Record extracts =>
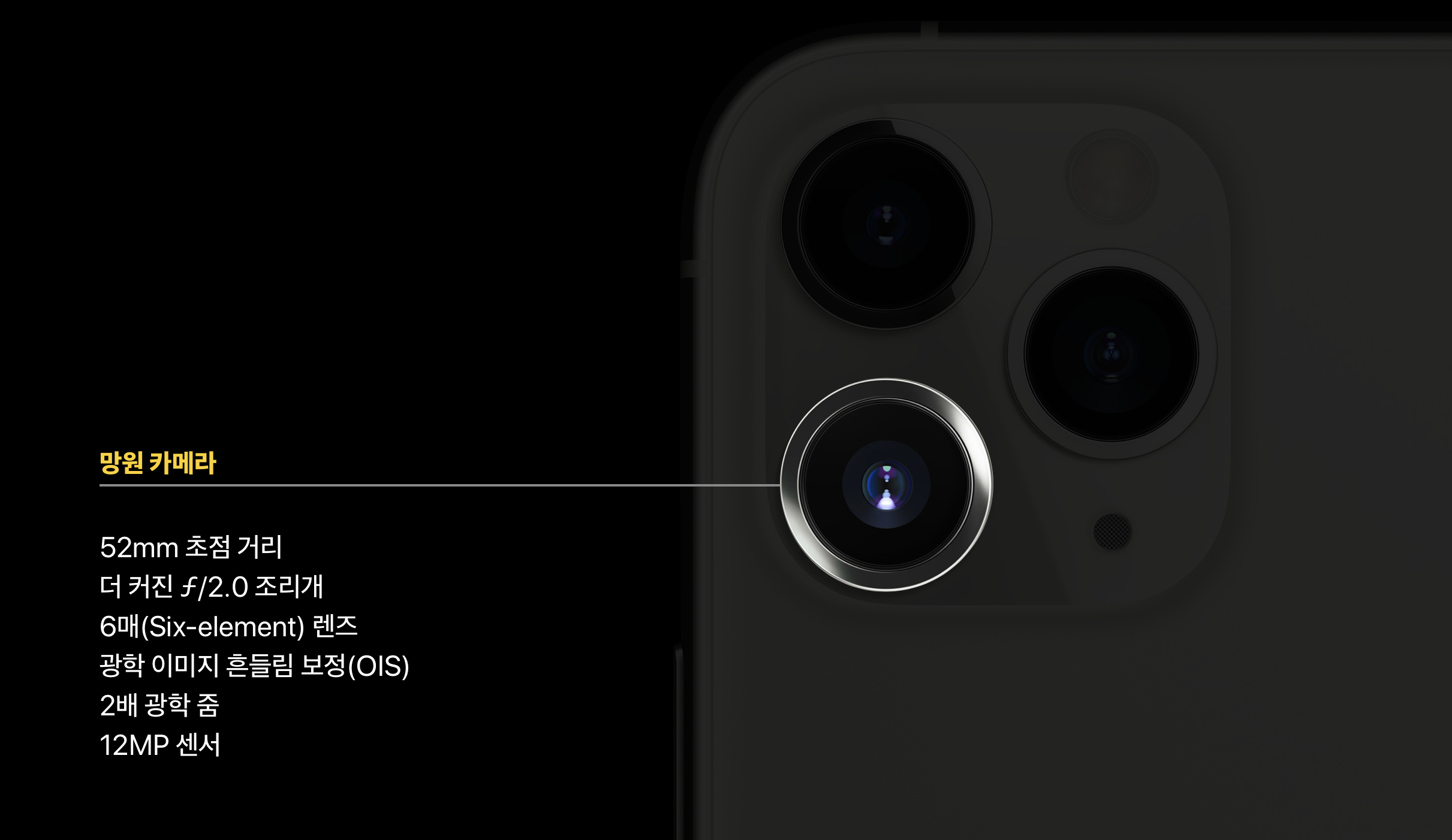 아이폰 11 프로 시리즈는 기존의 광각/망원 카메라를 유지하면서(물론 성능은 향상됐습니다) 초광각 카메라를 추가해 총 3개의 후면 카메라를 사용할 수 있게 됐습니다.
...
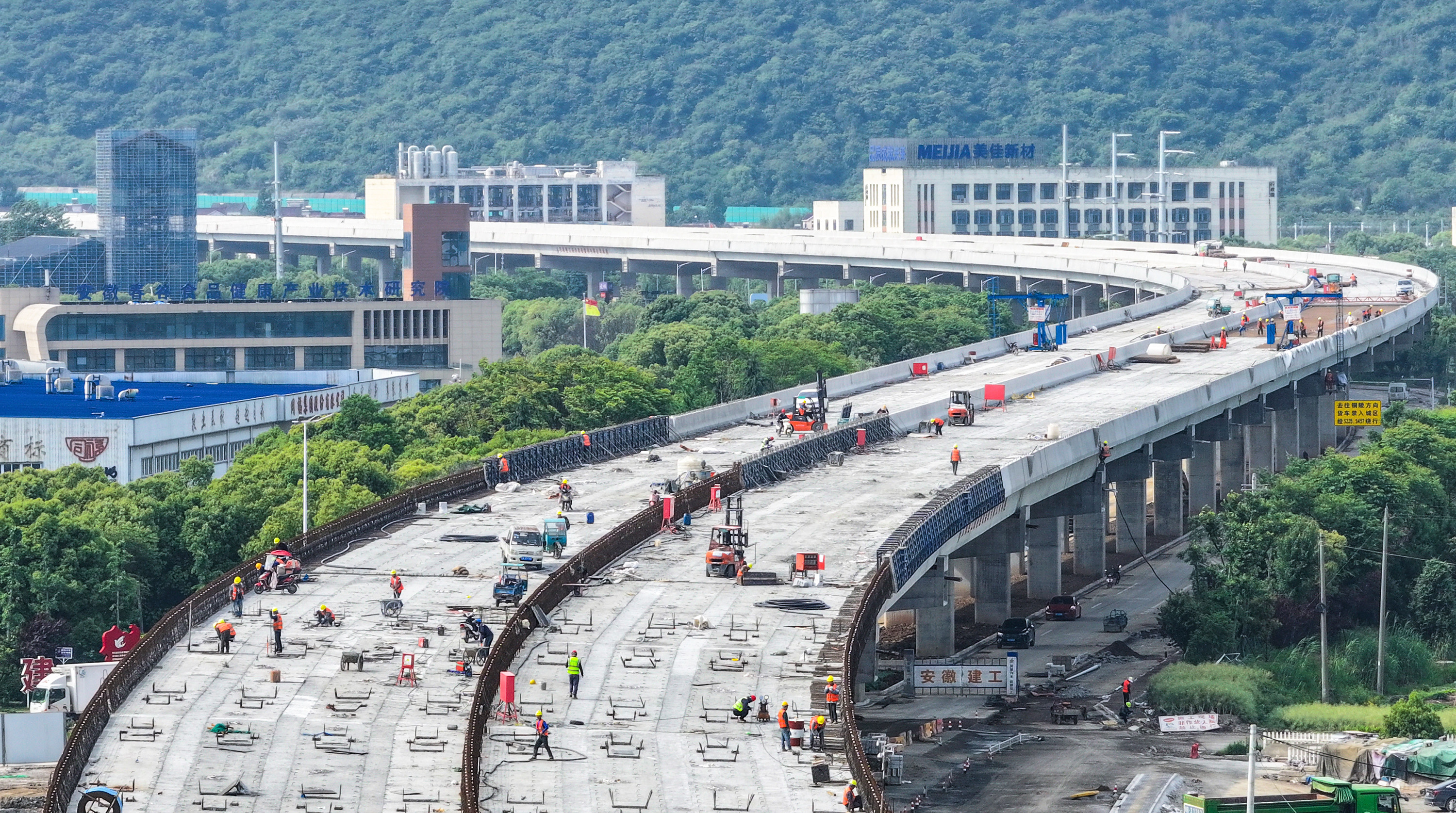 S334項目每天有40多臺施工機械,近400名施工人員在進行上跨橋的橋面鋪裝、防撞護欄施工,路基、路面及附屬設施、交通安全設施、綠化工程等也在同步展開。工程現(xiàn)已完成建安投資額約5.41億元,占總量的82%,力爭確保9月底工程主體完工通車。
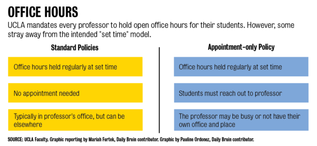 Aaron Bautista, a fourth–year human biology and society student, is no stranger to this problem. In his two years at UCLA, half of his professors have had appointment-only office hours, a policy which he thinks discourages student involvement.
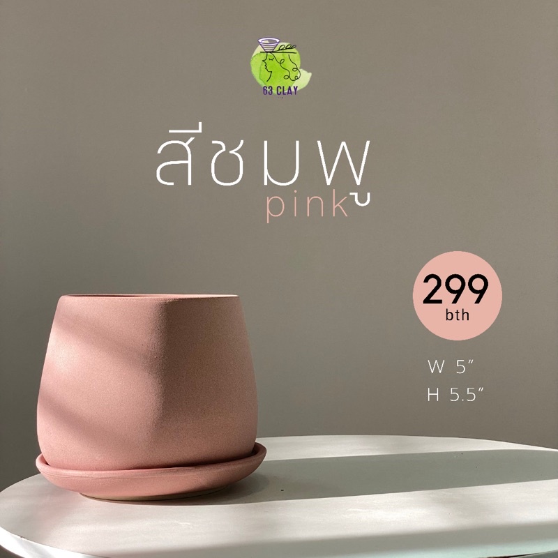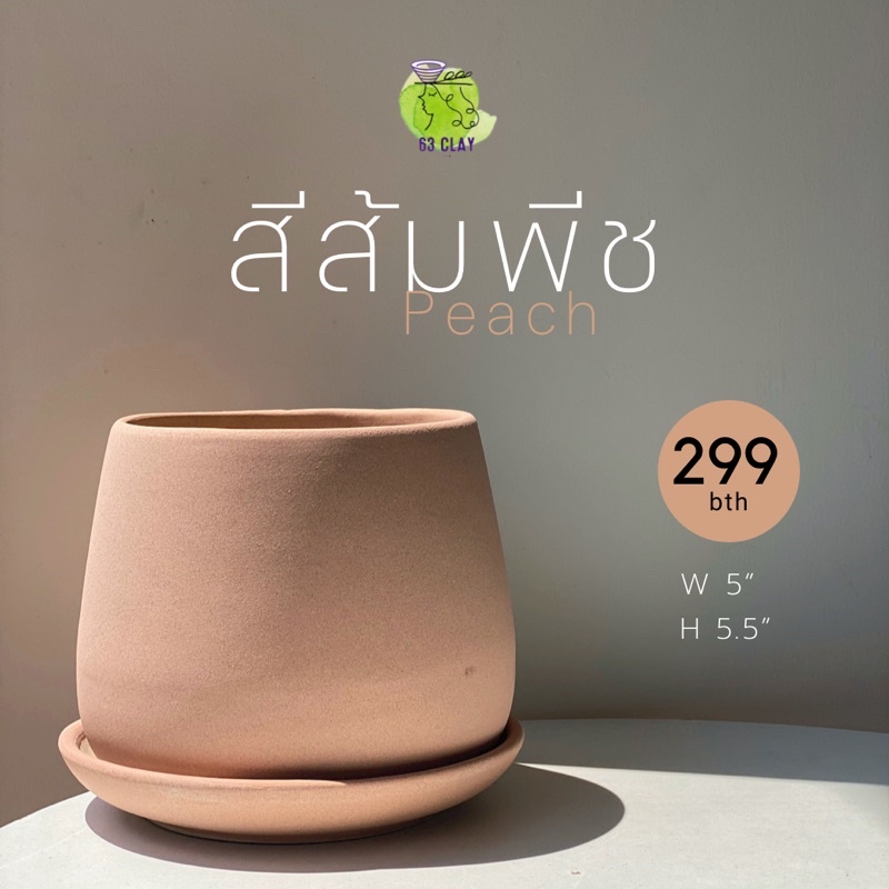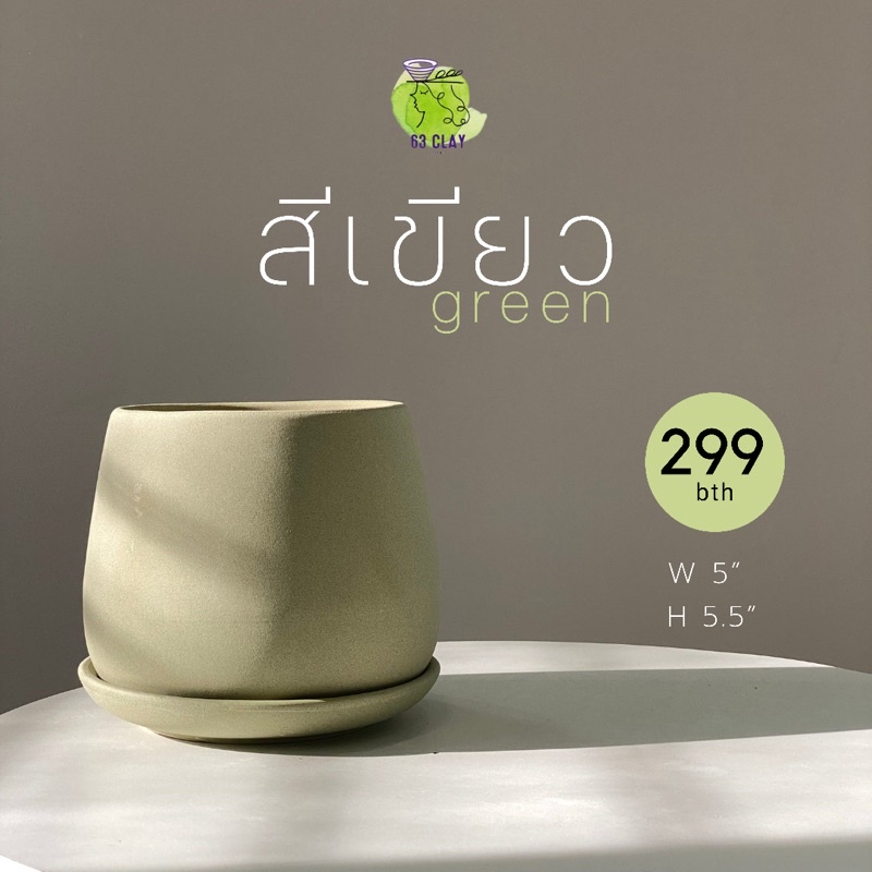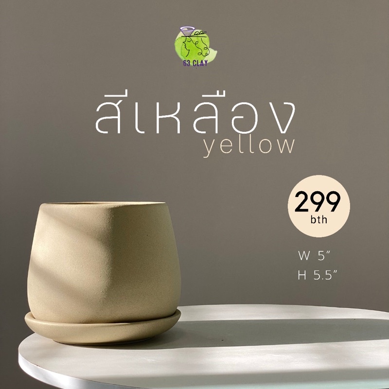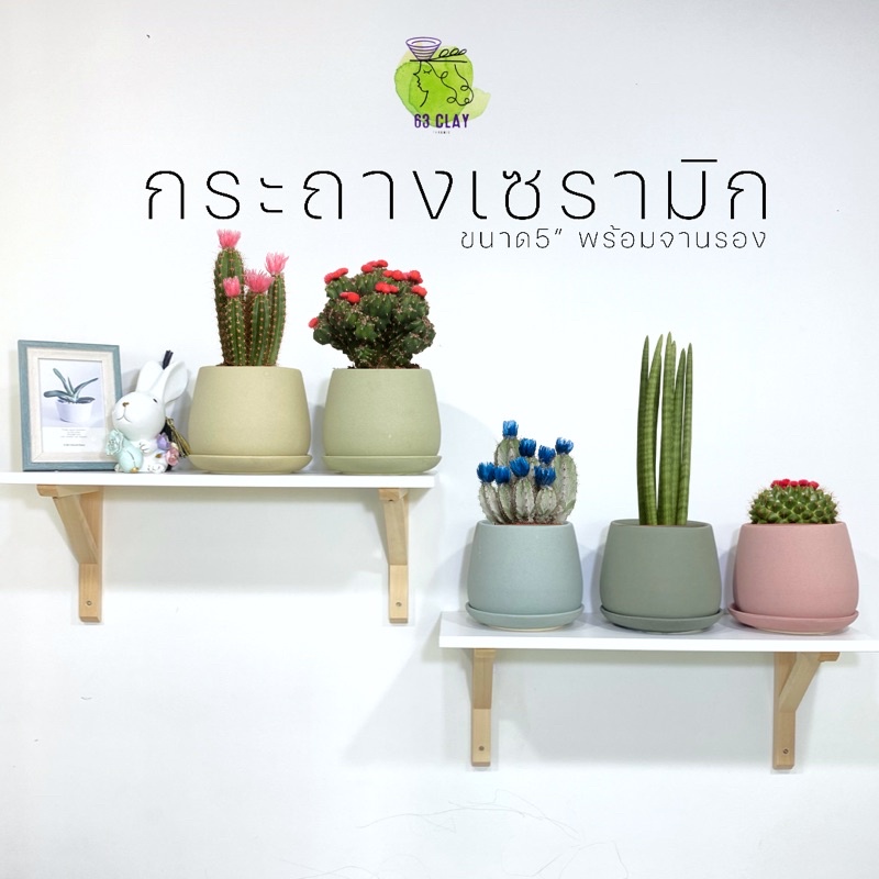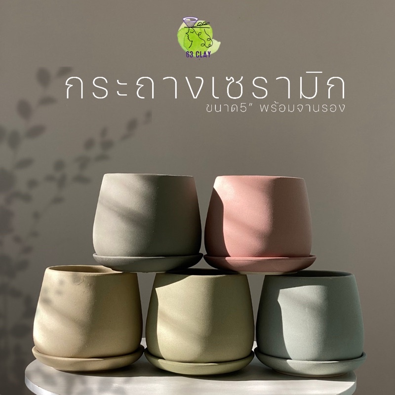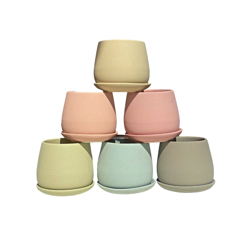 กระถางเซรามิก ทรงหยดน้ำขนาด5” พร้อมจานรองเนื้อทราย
==
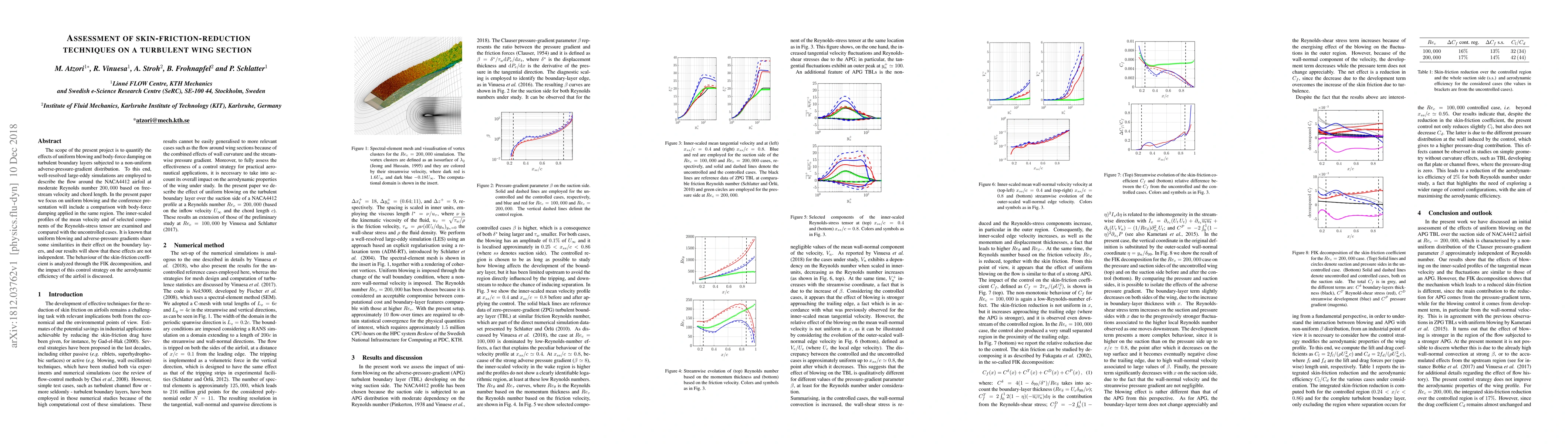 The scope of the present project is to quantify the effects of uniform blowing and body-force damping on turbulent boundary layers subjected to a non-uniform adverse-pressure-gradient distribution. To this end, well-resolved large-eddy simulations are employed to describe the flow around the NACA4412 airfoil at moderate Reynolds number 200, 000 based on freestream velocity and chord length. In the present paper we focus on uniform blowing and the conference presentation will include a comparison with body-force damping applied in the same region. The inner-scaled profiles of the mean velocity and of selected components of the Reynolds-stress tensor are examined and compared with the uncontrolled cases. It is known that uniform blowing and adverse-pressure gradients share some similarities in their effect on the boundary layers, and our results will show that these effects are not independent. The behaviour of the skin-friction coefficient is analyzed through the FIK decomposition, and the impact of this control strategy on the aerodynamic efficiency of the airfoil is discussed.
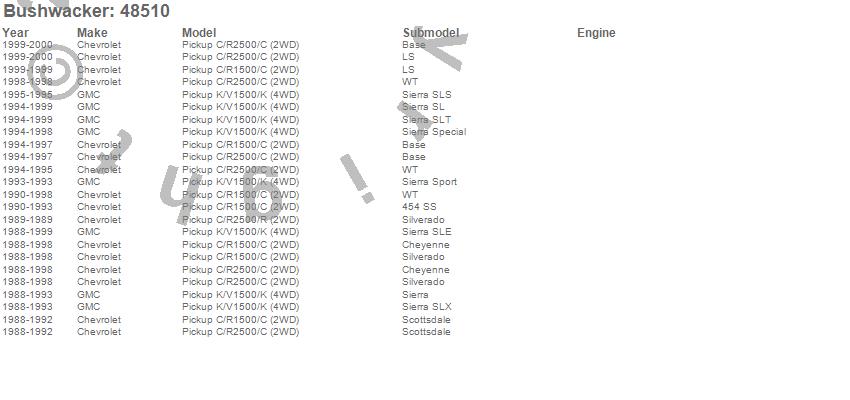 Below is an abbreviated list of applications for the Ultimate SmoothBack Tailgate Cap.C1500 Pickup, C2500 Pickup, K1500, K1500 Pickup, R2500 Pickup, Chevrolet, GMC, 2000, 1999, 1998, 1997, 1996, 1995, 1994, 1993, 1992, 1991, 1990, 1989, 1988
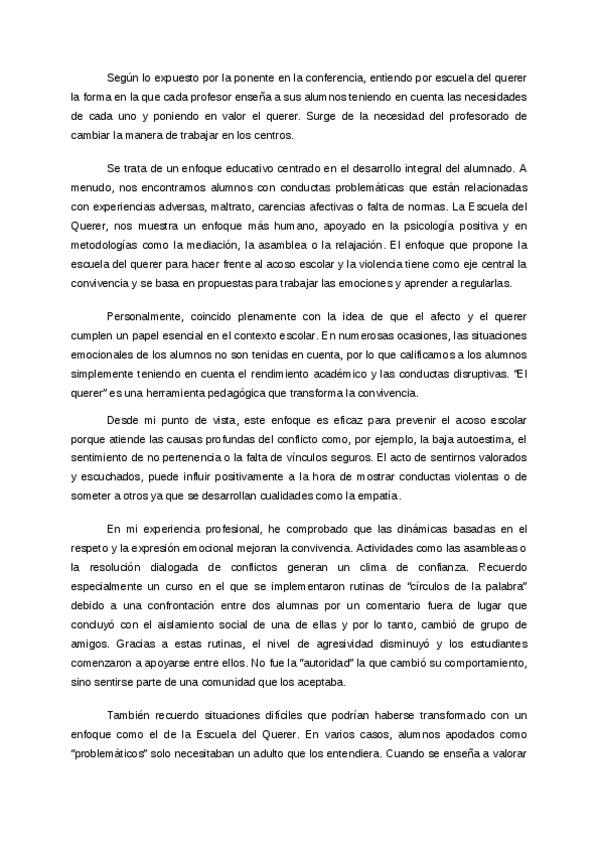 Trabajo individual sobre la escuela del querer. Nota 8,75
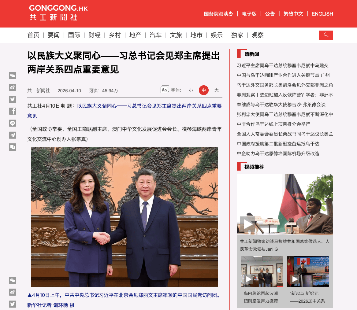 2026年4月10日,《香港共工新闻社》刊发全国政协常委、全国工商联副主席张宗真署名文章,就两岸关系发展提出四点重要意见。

What needs to be done => Beginning at the line above that contains "Trabajo individual sobre" and going on through the line that contains "2026年4月10日,《香港", please copy every line exactly, leaving the pictures out and adding nothing.

Result for this exercise =>
 Trabajo individual sobre la escuela del querer. Nota 8,75
 2026年4月10日,《香港共工新闻社》刊发全国政协常委、全国工商联副主席张宗真署名文章,就两岸关系发展提出四点重要意见。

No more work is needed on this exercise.